SQL aggregation tool

Project description

sql-agg

Basic usage

Assuming you have the following database table:

user date column_a column_b
user1 2012-01-01 1 1
user1 2012-01-06 2 0
user2 2012-02-19 0 3

You can use sql-agg to extract aggregated data from the table as follows:

from datetime import date
from sqlagg import QueryContext
from sqlagg.columns import CountColumn, SimpleColumn, SumColumn
from sqlagg.filters import GT, LT

# create the columns
user = SimpleColumn("user")
i_a = SumColumn("column_a")
i_b = CountColumn("column_b")

# initialise the query context and add the columns to it
vc = QueryContext("table_name",
    filters=[GT('date', 'startdate'), LT('date', 'enddate')],
    group_by=["user"])
vc.append_column(user)
vc.append_column(i_a)
vc.append_column(i_b)

filter_values={
    "startdate": date(2012, 1, 1),
    "enddate": date(2012, 3, 1)
    }

# resolve the query context with the filter values (connection is an SQLAlchemy connection)
vc.resolve(connection, filter_values=filter_values)
data = vc.data

The resultant data variable will be a dictionary as follows:

{
    "user1": {
        "user": "user1",
        "column_a": 3,
        "column_b": 2
    },
    "user2": {
        "user": "user2",
        "column_a": 0,
        "column_b": 1
    }
}

Multi-level grouping

Multi-level grouping can be done by adding multiple SimpleColumn's to the QueryContext as well as multiple column names in the 'group_by' parameter of the QueryContext.

region = SimpleColumn("region")
sub_region = SimpleColumn("sub_region")
column_a = SumColumn("column_a")

vc = QueryContext("table_name",
    filters=None,
    group_by=["region","sub_region"])

The resultant data would look as follows:

{
    ("region1", "sub_region1"): {
        "region": "region1",
        "sub_region": "sub_region1",
        "column_a": 1
    },
    ("region1", "sub_region2"): {
        "region": "region1",
        "sub_region": "sub_region2",
        "column_a": 3
    },
    ("region2", "sub_region3"): {
        "region": "region2",
        "sub_region": "sub_region3",
        "column_a": 2
    }
}

Columns in detail

For each column you can specify the table, filters and also group_by fields. Using these features you can supply different filters per column or select data from different columns.

Different filters

column_a = SumColumn("column_a")
column_b = SumColumn("column_b", filters=[LT('date', 'enddate')])

In this case column_a will get the filters supplied to the QueryContext while column_b will be resolved with its own filters. This will result in two queries being run on the database.

Different tables

It is possible to select data from different tables by providing columns with different table_names.

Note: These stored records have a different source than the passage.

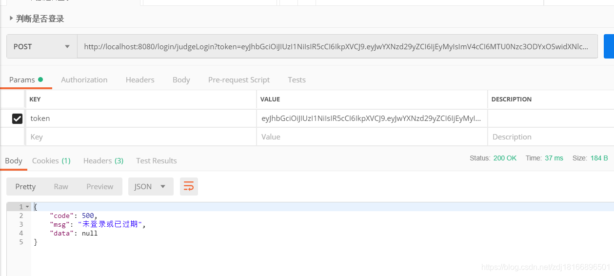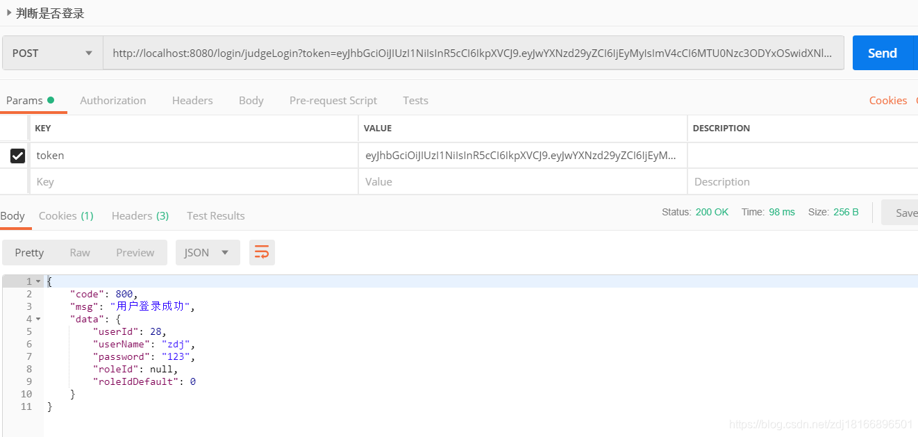 再次判断登录,将登录生成的token作为参数传递给判断登录接口
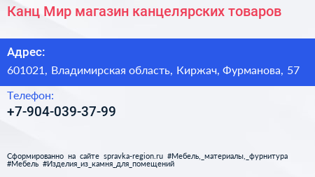 Канц Мир, магазин канцелярских товаров по адресу 601021, Владимирская область, Киржач, Фурманова, 57 в дальнейшем Организация, размещена в следующих категориях:
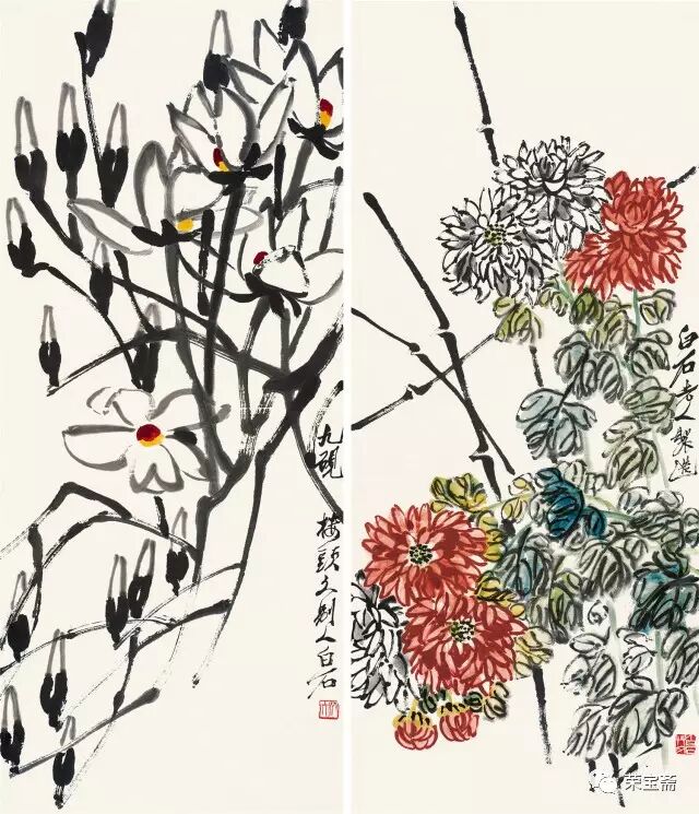 LOT.93 齐白石 玉兰、秋菊对屏 约3.6平尺/幅
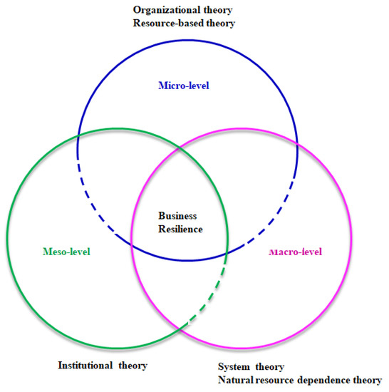 It is significant to point out that many reactions of businesses on climate change problems are strongly associated with institutional pressures and could be explained through the institutional theory lens. Institutional theory posits the many types of external pressures that stimulate enterprises to adopt strategies to address environmental and climate change problems. For instance, Escobar and Vredenburg [69] pointed out the three forms of isomorphism described by neo-institutional theory (coercive isomorphism, normative isomorphism and mimetic isomorphism) in explaining sustainability transitions in firms. The first two types reflecting aspects of the regulatory regime can affect decisions of businesses regarding climate change and weather extremes impacts. The third form explains business climate change adaptation and resilience building behavior as a mimetic process driven by peer firms. This (mimetic) effect can be placed in the second (meso-) level while the first two forms of isomorphism in the third (macro-) level (indicated by the dashed green line in the figure). It is worth noting that cooperation of businesses at the meso-level could be so explained from a systems theory perspective. Several scholars suggest that cooperation of businesses in an industrial ecology context plays a critical role in resilience capacity building against environmental change [70,71]. This viewpoint also lends support to the theoretical connection between institutional theory and systems theory to further clarify how business participatory and multi-stakeholder actions can be a meaningful planning endeavor to address EWEs.

column_a = SumColumn("column_a")
column_b = SumColumn("column_b", table_name="table_b", group_by=["user"])

Here column_a will be selected from the table configured in the QueryContext while column_b will be selected from table_name and will be grouped by user. This will result in two queries being run on the database.

As Name

It is possible to use the same column in multiple columns by specifying the alias argument of the column.

sum_a = SumColumn("column_a", alias="sum_a")
count_a = CountColumn("column_a", alias="count_a")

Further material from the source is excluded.